## Task directions
Given the records below, would you repeat exactly the lines that begin at the one containing "NutraBio Alpha GPC" and end at the one containing "Papas rústicas bañadas", inclusive?

## Record set

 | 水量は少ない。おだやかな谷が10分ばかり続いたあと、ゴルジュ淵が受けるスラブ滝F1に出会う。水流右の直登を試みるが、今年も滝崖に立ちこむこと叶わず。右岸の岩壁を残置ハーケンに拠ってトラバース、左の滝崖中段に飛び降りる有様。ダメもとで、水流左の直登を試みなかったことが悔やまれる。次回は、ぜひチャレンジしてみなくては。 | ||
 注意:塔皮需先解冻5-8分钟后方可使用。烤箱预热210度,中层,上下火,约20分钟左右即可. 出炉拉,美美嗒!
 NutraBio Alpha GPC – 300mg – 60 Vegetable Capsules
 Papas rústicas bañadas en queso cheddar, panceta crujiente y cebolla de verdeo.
...
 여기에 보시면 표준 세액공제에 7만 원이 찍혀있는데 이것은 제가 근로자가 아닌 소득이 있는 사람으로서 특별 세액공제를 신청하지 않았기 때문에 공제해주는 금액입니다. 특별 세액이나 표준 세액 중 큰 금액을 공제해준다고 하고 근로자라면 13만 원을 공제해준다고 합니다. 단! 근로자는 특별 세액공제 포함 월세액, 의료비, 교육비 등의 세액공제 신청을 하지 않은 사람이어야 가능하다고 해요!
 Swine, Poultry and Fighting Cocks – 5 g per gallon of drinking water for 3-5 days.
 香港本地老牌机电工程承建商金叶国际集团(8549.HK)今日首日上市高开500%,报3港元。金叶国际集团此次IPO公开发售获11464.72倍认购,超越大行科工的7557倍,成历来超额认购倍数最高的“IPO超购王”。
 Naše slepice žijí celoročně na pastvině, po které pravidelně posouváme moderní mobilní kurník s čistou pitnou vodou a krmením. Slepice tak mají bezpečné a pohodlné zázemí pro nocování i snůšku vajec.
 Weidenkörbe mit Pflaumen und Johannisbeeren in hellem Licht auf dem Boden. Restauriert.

## Written response
 NutraBio Alpha GPC – 300mg – 60 Vegetable Capsules
 Papas rústicas bañadas en queso cheddar, panceta crujiente y cebolla de verdeo.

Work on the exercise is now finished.